髪を結った浴衣姿がそのアンバランスをさらに助長する、安定した姿勢すらままならぬような格好で、やたら偉そうに言葉を重ねているのだ。
「……あ吉濱さん!もうお夕飯の支度できてますよー」
たまたま近くを通った仲居が声を大きめにかけると、
背筋を泡立たせた尊は、咄嗟に受話器を手で覆い、何も聞かれなかったことを祈って、ばつの悪そうに顔を電話口からそむける。
「はいはい、おやすみ……」
アシュリーは苦笑を浮かべながら通話を切った。
修学旅行の夜にある、先生の見回りのようなひとときを首尾よくやりすごした4人は、
そのまま軍関係者とおぼしき『彼』の身元特定作業に、黙々と取り組んでいる。
「でも、住所とかさ。肝心な情報は結局わかんないね……」
と、さなが言いかけたそのとき、
「それ、分かるかもしれないよ。ほら、北朝鮮のサイバー攻撃でSNSのアカウント情報が大量に流出してるって話」
今度は、おせちがひらめきを得た。
「なるほどな!ナイスアシスト、キム!」
アシュリーが快哉を叫び、部屋に一瞬、明るい熱気が立ち上った。
「……ほんとだ。あったあった。ダークウェブにリストが上がってる。SNSの認証情報、1件180円だって」
はちるが喜々として操作を続け、
「そりゃいいな、スマホゲーのガチャより安い」
アシュリーは冗談めかして言った。
「”マツバラショウゴ”さん。この人、防衛省の職員だね。東京市の……だいたい絞れてきたよ」
両手で包んだスマホの操作に、おせちはさらに集中するのだが、
場が本格的に盛り上がり始めてきた、そういった瞬間に、ふとはちるが声を発した。
「――ちょっと、いい?」
操作の手を止めた彼女は、しばし迷ったのち、意を決したように言葉を継ぐ。
「……でもさ。無関係の人、脅したりするのって――やっぱよくなくなくなくない?」
その口ぶりは弱々しかったが、部屋の空気を変えるにはじゅうぶんだった。
それは、皆がどこかで思っていたことだ。だからこそ、ふと沈黙が降りてきて、誰もすぐには言葉を返せなかった。
「ま、……それはそうだけどな……」
「うん……」
「やっぱ、別の手考える?」
アシュリー、おせち、さな、3人の態度も徐々に軟化しはじめた、ちょうどそのとき。
「へにょっ」というふぬけたSEとともに、「マツハラショウゴ」氏のXitterアカウントが折よく更新された。
『週末ディナー!今日は女の子誘ってる』
投稿には、フォーマルな格好の男女がピースサインをして収まった、スマホ画面いっぱいの自撮り画像が添えられていた。

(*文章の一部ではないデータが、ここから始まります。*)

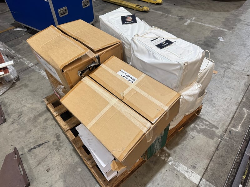 Assorted lot of goods including exit signs, 3d glasse, rope and more

レストランの白く荘重な内装と東京の夜景は窓枠1枚の関係で連なって、奥には、電飾に彩られた東京タワーが、かすかにそびえていた。
そして、その1分後――。
『いい気分だからぶっちゃけるか~?!
この間の空縁の市民、まぁ~じ避難遅かった
平和ボケって言葉の意味初めて理解したわ
2発目落ちたらさすがに本気になるかな?』
ついにその決定的な投稿が、4人の目の前に浮かび上がってしまうのである。
この文字列を文章として理解した瞬間、心の底から冷ややかな目つきになったおせちは、
「……ああ〜、やっぱりこの人に“協力”してもらおう」
そう口にしながら、無意識のうちに仕舞いかけていたスマホを取り直した。加速するその指さばきには、もう何の迷いもない。
……被害者に対してあまりにも無礼な、直近のその投稿が――他ならぬ“摘果”の判断を促したのである。
本来ならば、もうすこし熟すのも待つことができたはずの正義感という果実は、
そのまま、静かに果樹園主の剪定を受け、無事に“出荷”されてしまったかのようだった。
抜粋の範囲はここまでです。